## PROBLEM REQUIREMENTS
With the images removed, return every line below exactly as it reads.

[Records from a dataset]
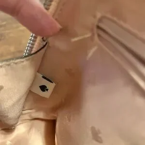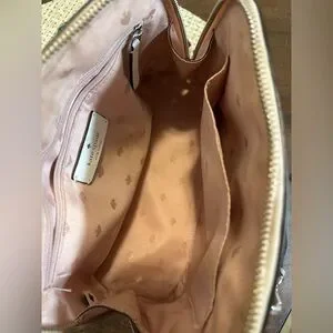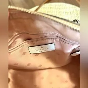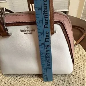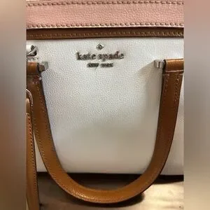 Small Kate Spade White and Pink Satchel with Brown Accents.
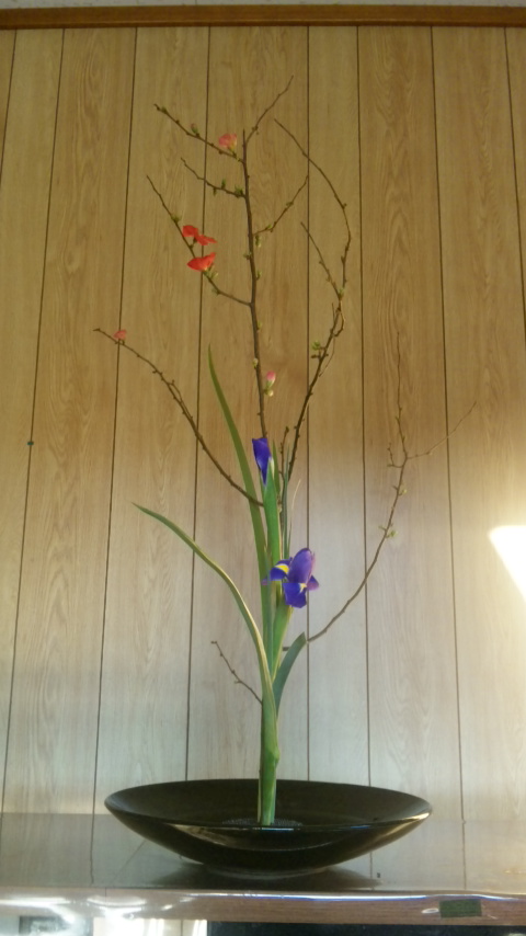 ボケ、アイリス、オクロレウカの三種生けです。
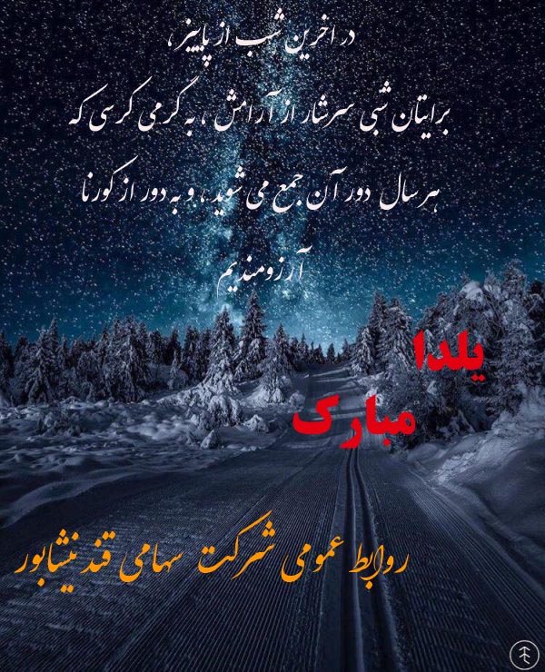 یلدای ایرانی، یادآور گرمای دل‌ها در بلندترین شب سال است. مدیریت عامل شرکت سهامی قند نیشابور با هدیه پک یلدایی پرمهر آرزو دارد لحظه‌هایتان سرشار از عشق، سلامتی و شادی باشد. از تلاش و همراهی شما عزیزان در مسیر رشد و موفقیت مجموعه صمیمانه سپاسگزاریم. باشد که در کنار هم، شب‌های بلند
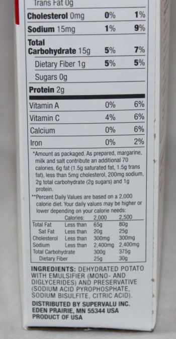 Ingredient list of Essential Every Day brand of instant mashed potatoes
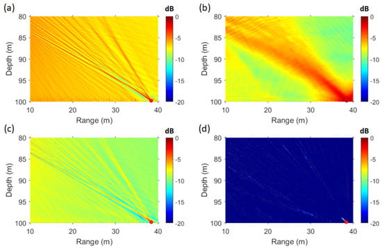 In Figure 9a, the maximum point of the ambiguity surface is located at a distance of 38.39 m and a depth of 99.8 m. The SFK spectrum at this point is shown in Figure 9d. As observed in Figure 9d, at the estimated source location, the striations become vertically aligned at wavenumber zero. In contrast, Figure 9b,c show that the striations change direction at different slopes. Figure 9b represents the SFK spectrum at a distance of 14 m and a depth of 92 m, while Figure 9c corresponds to a distance of 35 m and a depth of 85 m. These figures illustrate the SFK spectra at locations other than the source location, as the transfer function at these points does not correspond to that of the source. The distance and depth intervals in Figure 9a are set to 0.01 m, considering that snapping shrimp, which inhabit the coastal waters of South Korea, are known to have a body length of approximately 2–4 cm [35]. Applying CMFP, AMFP, and FDMFP techniques to the same dataset revealed that only FDMFP and the SFK method successfully estimated the shrimp’s location [7]. Although the target location was successfully estimated, the sidelobe level difference was approximately 6 dB, with the PSR values of 9.68 dB for the SFK method and 6.65 dB for the FDMFP method. Given that this localization method operates effectively even in sparse environments, an additional adaptive technique was applied to further enhance localization performance. The localization results of FDMFP were compared with those of MV+SFK and WNC+SFK, as shown in Figure 10.
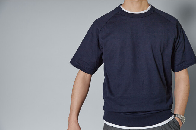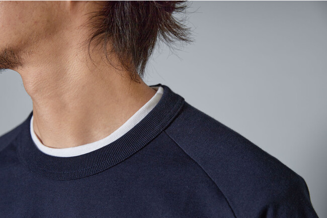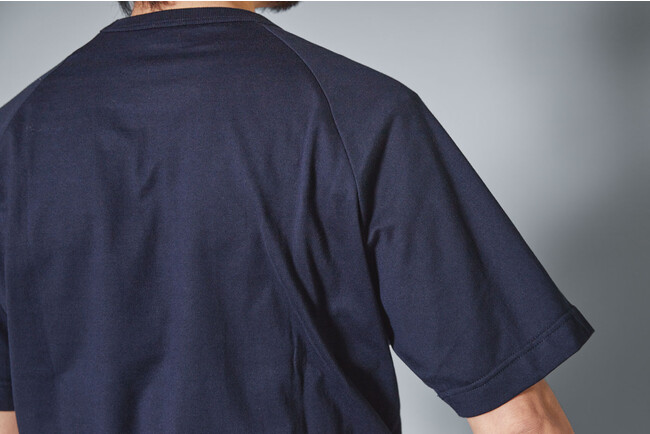 Tシャツで一般的なセットインスリーブではなく、ラグランスリーブを採用しているのも特徴。「スウェットからのインスピレーションですが、ラグランは英国コートの定番でもあるので、ブリティッシュテイストにも繋がるディテールだと思います」と四方さん。袖口は2本針でステッチをかけることにより、アウターTとしての存在感を高めています。

## WRITTEN RESPONSE
 Small Kate Spade White and Pink Satchel with Brown Accents.
 ボケ、アイリス、オクロレウカの三種生けです。
 یلدای ایرانی، یادآور گرمای دل‌ها در بلندترین شب سال است. مدیریت عامل شرکت سهامی قند نیشابور با هدیه پک یلدایی پرمهر آرزو دارد لحظه‌هایتان سرشار از عشق، سلامتی و شادی باشد. از تلاش و همراهی شما عزیزان در مسیر رشد و موفقیت مجموعه صمیمانه سپاسگزاریم. باشد که در کنار هم، شب‌های بلند
 Ingredient list of Essential Every Day brand of instant mashed potatoes
 In Figure 9a, the maximum point of the ambiguity surface is located at a distance of 38.39 m and a depth of 99.8 m. The SFK spectrum at this point is shown in Figure 9d. As observed in Figure 9d, at the estimated source location, the striations become vertically aligned at wavenumber zero. In contrast, Figure 9b,c show that the striations change direction at different slopes. Figure 9b represents the SFK spectrum at a distance of 14 m and a depth of 92 m, while Figure 9c corresponds to a distance of 35 m and a depth of 85 m. These figures illustrate the SFK spectra at locations other than the source location, as the transfer function at these points does not correspond to that of the source. The distance and depth intervals in Figure 9a are set to 0.01 m, considering that snapping shrimp, which inhabit the coastal waters of South Korea, are known to have a body length of approximately 2–4 cm [35]. Applying CMFP, AMFP, and FDMFP techniques to the same dataset revealed that only FDMFP and the SFK method successfully estimated the shrimp’s location [7]. Although the target location was successfully estimated, the sidelobe level difference was approximately 6 dB, with the PSR values of 9.68 dB for the SFK method and 6.65 dB for the FDMFP method. Given that this localization method operates effectively even in sparse environments, an additional adaptive technique was applied to further enhance localization performance. The localization results of FDMFP were compared with those of MV+SFK and WNC+SFK, as shown in Figure 10.
 Tシャツで一般的なセットインスリーブではなく、ラグランスリーブを採用しているのも特徴。「スウェットからのインスピレーションですが、ラグランは英国コートの定番でもあるので、ブリティッシュテイストにも繋がるディテールだと思います」と四方さん。袖口は2本針でステッチをかけることにより、アウターTとしての存在感を高めています。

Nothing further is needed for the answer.